INSERT INTO user_list (rown, username, given_name, family_name, address, zip)
VALUES (1,1,'John', 'Smith', '1 Main Rd', '1000'),
       (2,1,'John', NULL, '1 Main Rd', '1000'),
       (3,1,'John', NULL, NULL, '1000'),
       (4,1,'John', NULL, NULL, '0800'),
       (5,1,'Johnny', NULL, NULL, '1000'),
       (6,2,'Tom', 'Lock', '2 Main Rd', '1001'),
       (7,2,'Tommy', NULL, '2 Main Rd', '1001'),
       (8,2,'Tom', 'L', '2 Main Rd', '1001'),
       (9,2,NULL, NULL, NULL, '1001'),
       (10,3,NULL, 'Oak', '4 Main Rd', '1004'),
       (11,3,'Tim', NULL, '4 Main Rd', '1004');

Solution

  • The following will check for matches and exclude the lesser match. In case of an exact match (same value/null combination), the lower rnum row is retrained.

    WITH CTE_UserList AS (
        -- Calculate number of non-null, non-blank values for each row.
        SELECT
            UL.*,
            CASE WHEN UL.given_name        > '' THEN 1 ELSE 0 END
                + CASE WHEN UL.family_name > '' THEN 1 ELSE 0 END
                + CASE WHEN UL.address     > '' THEN 1 ELSE 0 END
                + CASE WHEN UL.zip         > '' THEN 1 ELSE 0 END
                AS ValueCount
        FROM user_list UL
    )
    SELECT *
    FROM CTE_UserList UL
    WHERE NOT EXISTS (
        -- Find equal or better match
        SELECT *
        FROM CTE_UserList UL2
        WHERE UL2.username = UL.username
        AND ( -- More values is a clear winner.
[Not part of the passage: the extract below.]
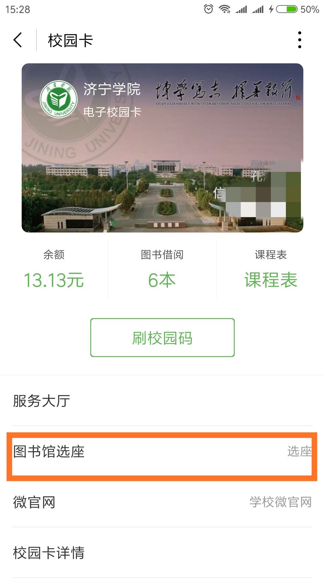 图书馆面向全体师生开通了阅览室微信选座功能,只需在济宁学院电子校园卡中找到图书馆选座并进入选座界面,可以设置常用的座位,也可以点击选择阅览室,再选择座位。选座后,学生只需在30分钟内到达选座地点就可。目前开通的智能选座的阅览室有c406和c402两个自修室。

If same values, pick lower rown
            UL2.ValueCount > UL.ValueCount
            OR (UL2.ValueCount = UL.ValueCount AND UL2.rown < UL.rown)
        )
        -- Match on equal or current row value null or blank
        AND (UL2.given_name  = UL.given_name  OR NULLIF(UL.given_name,  '') IS NULL)
        AND (UL2.family_name = UL.family_name OR NULLIF(UL.family_name, '') IS NULL)
        AND (UL2.address     = UL.address     OR NULLIF(UL.address,     '') IS NULL)
        AND (UL2.zip         = UL.zip         OR NULLIF(UL.zip,         '') IS NULL)
    )
    ORDER BY UL.username, UL.rown
    

    Results (with extra data before duplicate elimination)
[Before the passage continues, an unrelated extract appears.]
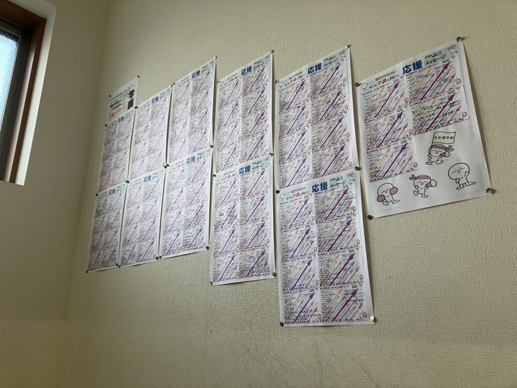 2階に上がる階段の壁に掲示されていますので応援メッセージを中3生は見てみてください。きみたちを応援しているのは皆さんの保護者や先生たちだけではありません。先輩たちもエールを送ってくれています。

    rown username given_name family_name address zip ValueCount CoveredByRow
    1 1 John Smith 1 Main Rd 1000 4 null
    2 1 John null 1 Main Rd 1000 3 1
    3 1 John null null 1000 2 1
    4 1 John null null 0800 2 null
    5 1 Johnny null null 1000 2 null
    6 2 Tom Lock 2 Main Rd 1001 4 null
    7 2 Tommy null 2 Main Rd 1001 3 null
    8 2 Tom L 2 Main Rd 1001 4 null
    9 2 null null null 1001 1 6
    10 3 null Oak 4 Main Rd 1004 3 null
    11 3 Tim null 4 Main Rd 1004 3 null
    12 4 null Beam 4 Main Rd 1004 3 14
    13 4 Jim null 4 Main Rd 1004 3 14
    14 4 Jim Beam 4 Main Rd 1004 4 null
    15 5 Exact Match null null 2 null
    16 5 Exact Match null null 2 15

    See this db<>fiddle with some extra data showing a few more partial and one exact match.